[[ DATA PROVIDED open ]]

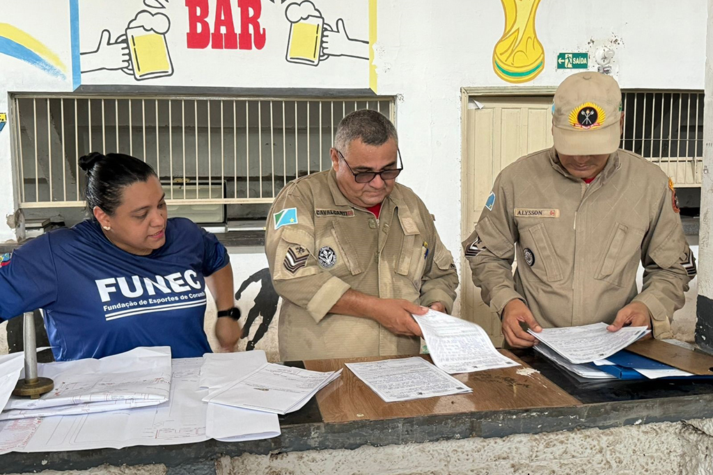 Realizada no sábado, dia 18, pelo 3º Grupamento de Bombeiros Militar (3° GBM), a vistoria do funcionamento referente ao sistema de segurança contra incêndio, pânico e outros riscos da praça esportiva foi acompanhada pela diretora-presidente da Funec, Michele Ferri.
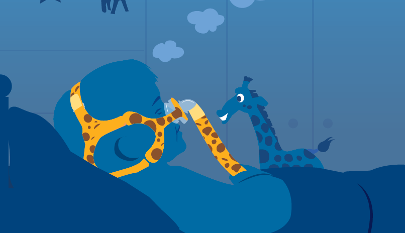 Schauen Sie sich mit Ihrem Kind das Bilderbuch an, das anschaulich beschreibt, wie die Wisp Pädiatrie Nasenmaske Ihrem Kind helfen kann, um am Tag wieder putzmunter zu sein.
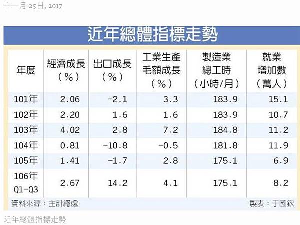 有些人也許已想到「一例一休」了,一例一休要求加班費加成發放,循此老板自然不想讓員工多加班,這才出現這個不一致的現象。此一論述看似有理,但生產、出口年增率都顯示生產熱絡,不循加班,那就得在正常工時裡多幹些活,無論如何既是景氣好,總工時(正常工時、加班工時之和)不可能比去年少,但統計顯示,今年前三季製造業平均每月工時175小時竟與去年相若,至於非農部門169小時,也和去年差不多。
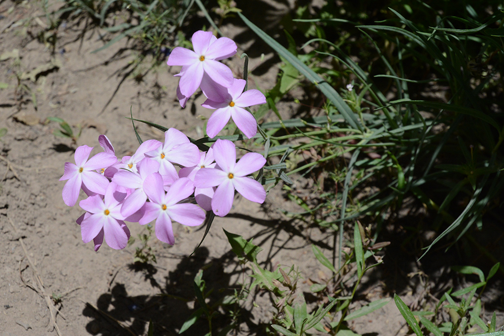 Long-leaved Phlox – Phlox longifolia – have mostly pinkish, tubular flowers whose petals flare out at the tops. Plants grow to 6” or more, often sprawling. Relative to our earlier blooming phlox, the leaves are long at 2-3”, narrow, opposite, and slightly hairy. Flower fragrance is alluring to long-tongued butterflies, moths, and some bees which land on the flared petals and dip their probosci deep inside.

[[ DATA PROVIDED closed ]]
[[ DATA PROVIDED open ]]

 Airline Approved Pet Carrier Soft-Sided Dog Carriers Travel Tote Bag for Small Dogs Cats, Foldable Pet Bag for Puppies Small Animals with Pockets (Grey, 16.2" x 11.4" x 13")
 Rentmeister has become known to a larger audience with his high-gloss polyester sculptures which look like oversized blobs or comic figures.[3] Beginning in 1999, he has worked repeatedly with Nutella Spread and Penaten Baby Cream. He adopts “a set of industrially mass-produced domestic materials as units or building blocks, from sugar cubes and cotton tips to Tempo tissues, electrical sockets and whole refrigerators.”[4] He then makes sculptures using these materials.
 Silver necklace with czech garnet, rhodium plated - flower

[[ DATA PROVIDED closed ]]

### REQUIRED ACTION
Make an exact copy of the lines above, beginning with the line with "Realizada no sábado, dia" and ending with the line with "Schauen Sie sich", and keep the pictures out of it.

### RESPONSE TO THE EXERCISE
 Realizada no sábado, dia 18, pelo 3º Grupamento de Bombeiros Militar (3° GBM), a vistoria do funcionamento referente ao sistema de segurança contra incêndio, pânico e outros riscos da praça esportiva foi acompanhada pela diretora-presidente da Funec, Michele Ferri.
 Schauen Sie sich mit Ihrem Kind das Bilderbuch an, das anschaulich beschreibt, wie die Wisp Pädiatrie Nasenmaske Ihrem Kind helfen kann, um am Tag wieder putzmunter zu sein.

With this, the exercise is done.